If you used the uv method to install previously, and the submodules have been changed in the latest updates, you may need to run the below commands to update the submodules and reinstall those:

Windows only: Replace the sync command below with uv sync --extra full --python 3.9

uv cache clean
uv pip uninstall kilosort spikeinterface
uv sync --extra full

If you are updating a previous EMUsort installation, you may encounter issues with the configuration file (if it's structure changed in the latest update). If this happens, you may want to backup your configuration file somewhere, then you can reset it to the new default configuration file by running:

emusort --reset-config --folder /path/to/session_folder

Python Environment Creation

Before following the below steps, make sure to navigate into the folder where EMUsort was cloned.

Option 1: uv

Recommended for Windows and Linux (see Option 2 if using Linux over RDP)

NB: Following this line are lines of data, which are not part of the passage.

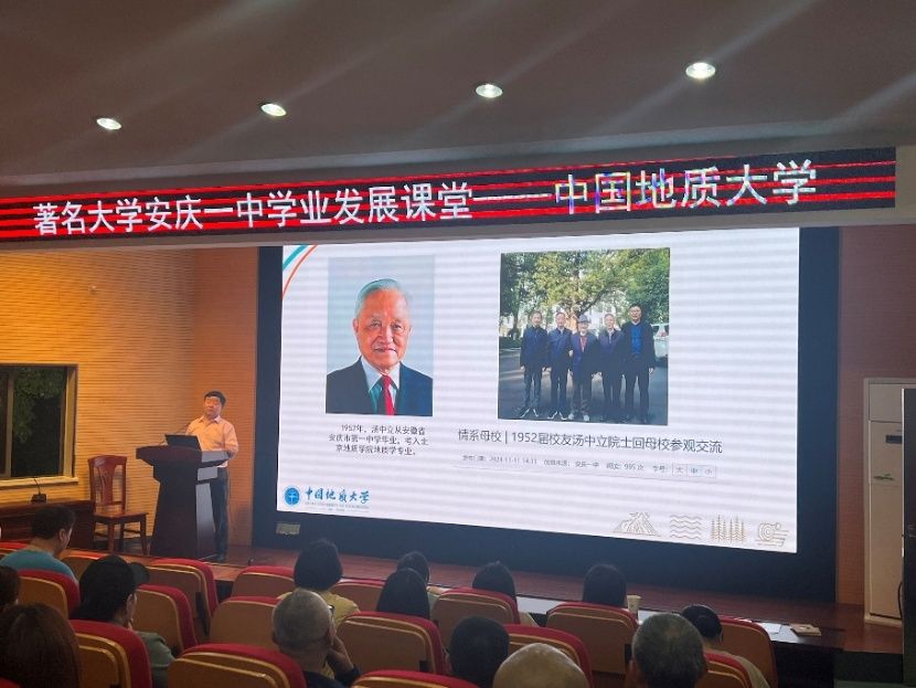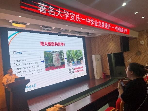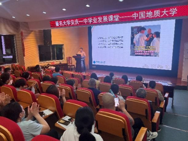 当天晚上,安庆一中行政楼阶梯教室。李国昌书记进行了“邀您与孩子绘就民族复兴伟业新画卷”的主题宣讲。他分别从“安徽人与地大人”、“奋进中的地大武汉”、“在皖计划录取及学生发展”、“报考建议”等多个角度全面介绍了地大概况以及家长关注的报考问题,详细报告了近五年安庆一中生源的发展及就业情况,其中2020级的三位同学均获得了保送资格,分别保送至本校、首都师范大学和复旦大学。
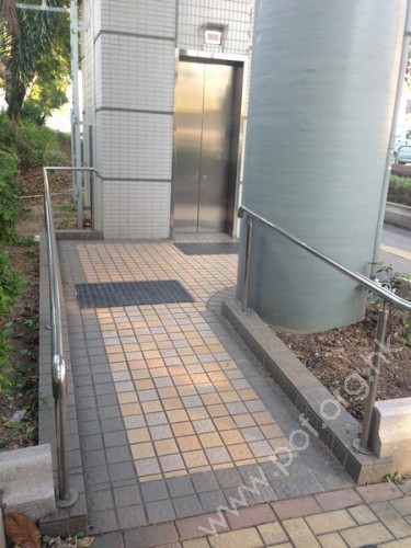 斜道前往升降機,斜道闊1.05米,斜度低於1:12,兩旁有不銹鋼欄杆兼扶手,斜道頂部連接升降機,頂部連接行人路,頂底部有黑色觸覺警告帶。
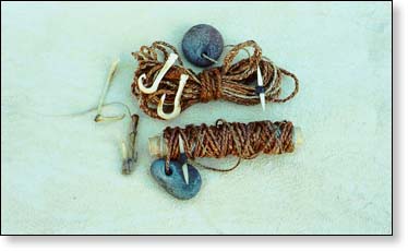 Fishing gear: dogbane fishing line (2-ply cordage), bone (cow) gorges & hooks,
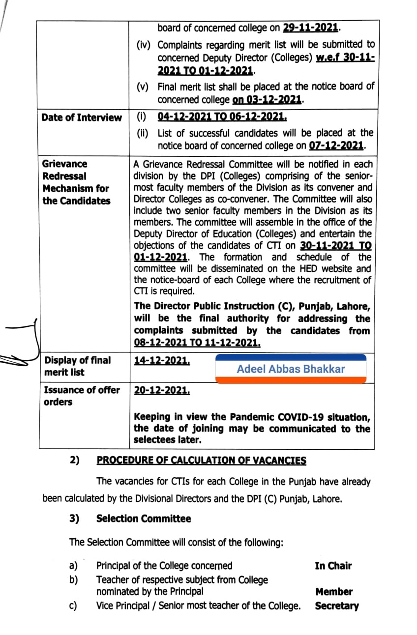 you may also like: List of Colleges with Contact Numbers for CTIs Vacancies
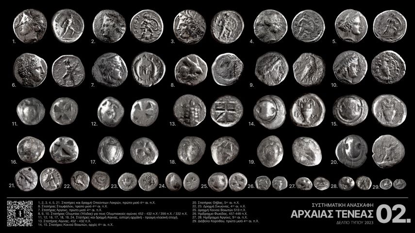 Εξαιρετικής αρχαιολογικής σημασίας και σπανιότητας -συνεχίζει η ανακοίνωση του ΥΠΠΟ- είναι ο θησαυρός 29 αργυρών αρχαίων ελληνικών νομισμάτων που εντοπίστηκε μαζί με φορητό πήλινο βωμό, μικρογραφικό αγγείο και ειδώλιο ίππου με αναβάτη. Ο θησαυρός περιλαμβάνει νομίσματα που χρονολογούνται από τον ύστερο 6ο αι. π.Χ. μέχρι και τη δεκαετία του 330 π.Χ., πολλά εξ αυτών από τα σπανιότερα και πλέον ιστορικά νομίσματα της αρχαίας Ελλάδας, όπως τρεις στατήρες Ήλιδος που κόπηκαν στην Ολυμπία κατά τη διάρκεια διαφορετικών Ολυμπιακών Αγώνων, στατήρας της Αίγινας με χερσαία αντί για θαλάσσια χελώνα, στατήρες Στύμφαλου, ‘Αργους και Οπουντίων Λοκρών, καθώς και στατήρας Θήβας του 5ου αι. π. Χ. που απεικονίζει τον Ηρακλή να πνίγει με τα χέρια του δύο φίδια. Η παρουσία του εν λόγω θησαυρού συνδέεται με τα ευρήματα λατρευτικής χρήσης (γυναικεία και ζωόμορφα ειδώλια, μικρογραφικά αγγεία και άλλα) που είχαν εντοπιστεί πέρυσι και συνέχισαν να εντοπίζονται και φέτος προσδίδοντας ξεκάθαρα τελετουργικό χαρακτήρα στους χώρους που αποκαλύπτονται.
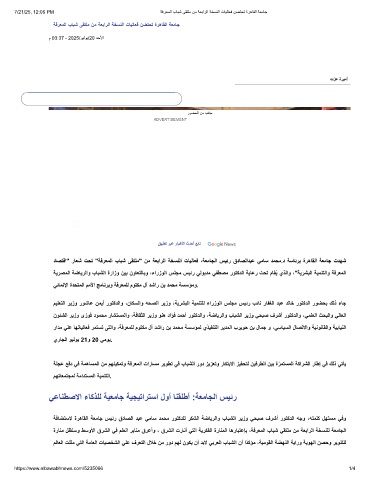 دﺎﺻﺗﻗا" رﺎﻌﺷ تﺣﺗ "ﺔﻓرﻌﻣﻟا بﺎﺑﺷ ﻰﻘﺗﻠﻣ" نﻣ ﺔﻌﺑارﻟا ﺔﺧﺳﻧﻟا تﺎﯾﻟﺎﻌﻓ ،ﺔﻌﻣﺎﺟﻟا سﯾﺋر قدﺎﺻﻟادﺑﻋ ﻲﻣﺎﺳ دﻣﺣﻣ.د ﺔﺳﺎﺋرﺑ ةرھﺎﻘﻟا ﺔﻌﻣﺎﺟ تدﮭﺷ

Follow the steps and execute the commands below to install and manage EMUsort with uv, a high performance Python package and project manager:

Windows only: Install GitBash first with default settings and use its shell to use EMUsort.

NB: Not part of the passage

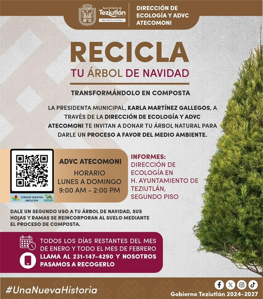La presidenta municipal de Teziutlán Karla Martínez Gallegos, a través de la Dirección de Ecología y ADVC Atecomoni, invita a la ciudadanía a reciclar su árbol de Navidad.
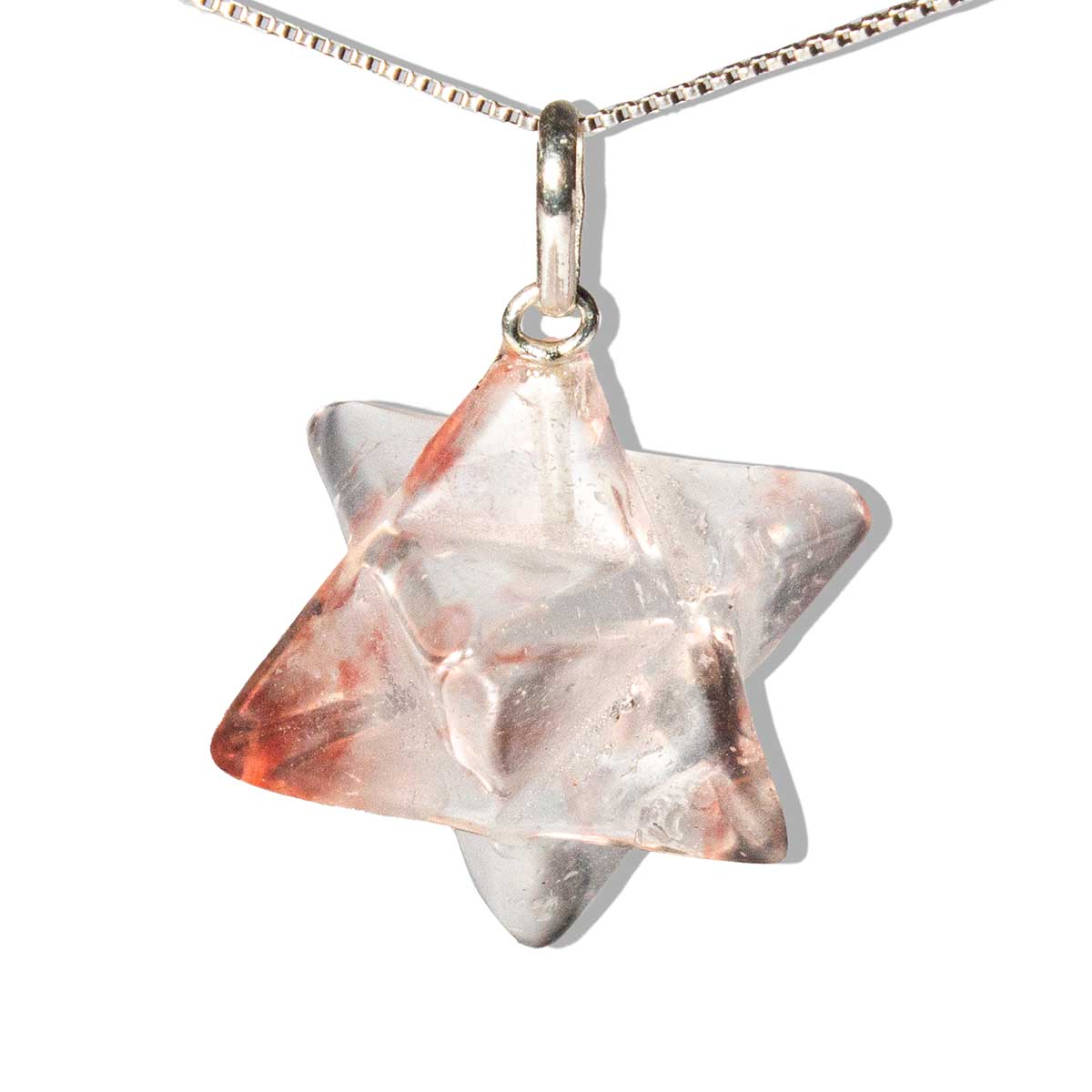 Pingente Merkabah Quartzo Cherry natural, pedra com exelente lapidação em formato estrela merkabah. Montagem no pino dourado.

curl -LsSf https://astral.sh/uv/install.sh | sh

Then either restart the terminal or execute the command suggested in the terminal to enable using uv in the terminal. Next, create the environment and install all dependencies including Phy, using uv:

cd /path/to/repo_folder # go into the EMUsort clone location  

Windows only: Windows seems most stable using Python version 3.9, so be sure to use the --python 3.9 option with the below command. For example: uv sync --extra full --python 3.9. Other Python versions can be tried afterwards, if necessary.

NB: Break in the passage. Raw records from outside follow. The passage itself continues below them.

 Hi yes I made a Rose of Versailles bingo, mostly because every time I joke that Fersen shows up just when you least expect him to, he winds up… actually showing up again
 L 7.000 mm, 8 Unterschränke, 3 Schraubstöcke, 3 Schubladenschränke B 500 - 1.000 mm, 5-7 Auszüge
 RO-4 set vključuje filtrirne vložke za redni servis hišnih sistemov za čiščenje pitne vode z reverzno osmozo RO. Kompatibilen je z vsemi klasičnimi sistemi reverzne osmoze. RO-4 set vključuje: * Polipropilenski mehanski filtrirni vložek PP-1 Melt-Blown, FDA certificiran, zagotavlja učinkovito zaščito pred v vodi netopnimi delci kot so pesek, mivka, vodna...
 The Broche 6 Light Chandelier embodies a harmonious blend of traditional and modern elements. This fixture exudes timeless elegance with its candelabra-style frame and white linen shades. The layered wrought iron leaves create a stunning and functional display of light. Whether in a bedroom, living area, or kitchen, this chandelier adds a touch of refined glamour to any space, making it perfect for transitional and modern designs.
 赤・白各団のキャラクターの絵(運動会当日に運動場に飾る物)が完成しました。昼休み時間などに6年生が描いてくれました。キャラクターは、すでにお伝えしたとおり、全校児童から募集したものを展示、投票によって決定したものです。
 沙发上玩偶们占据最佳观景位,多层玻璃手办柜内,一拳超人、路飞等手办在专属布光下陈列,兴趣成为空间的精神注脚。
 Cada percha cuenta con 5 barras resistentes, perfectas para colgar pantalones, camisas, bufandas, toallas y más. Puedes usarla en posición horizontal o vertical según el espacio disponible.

Use uv to execute the installation with the "full" option, which will install Kilosort4 (with modifications), SpikeInterface, PyTorch, and Phy GUI. See pyproject.toml for more "--extra" options.

uv sync --extra full

If the install finished successfully, proceed to the Usage section next.

Option 2: micromamba

Recommended for Linux (remote, e.g., for use over Remote Desktop with X11 on remote system)

To install micromamba and set up a micromamba environment, follow the steps and execute the commands below:

Windows only: Install GitBash first with default settings and use its shell to use EMUsort.

"${SHELL}" <(curl -L micro.mamba.pm/install.sh)

If this errors out, you can simply download the script from micro.mamba.pm/install.sh and run a file with those contents manually with bash ./install.sh. Afterwards, make sure to either restart the terminal or initialize micromamba directly, then run the below commands:

cd /path/to/repo_folder # go into the EMUsort clone location
micromamba env create -f environment.yml

Windows only: During micromamba environment creation, the conda packages usually work, but you may get an error at the end related to the pip packages not install installing. If this happened, it's likely micromamba worked, but the pip packages need manual installation. This is a Windows problem. So, go ahead and activate the micromamba environment you just created (micromamba activate emusort), and run the following, one by one: pip install -e ./src/emusort/spikeinterface pip install -e ./src/emusort/Kilosort4 pip install "git+https://github.com/cortex-lab/phy.git@7a2494b" pip install -e . If you encounter errors installing spikeinterface or Kilosort4, try navigating into each submodule folder and running pip install -e . to install the packages manually. Then pip install -e . in the main folder again to install the main EMUsort package.

If the install finished successfully, proceed to the Usage section next.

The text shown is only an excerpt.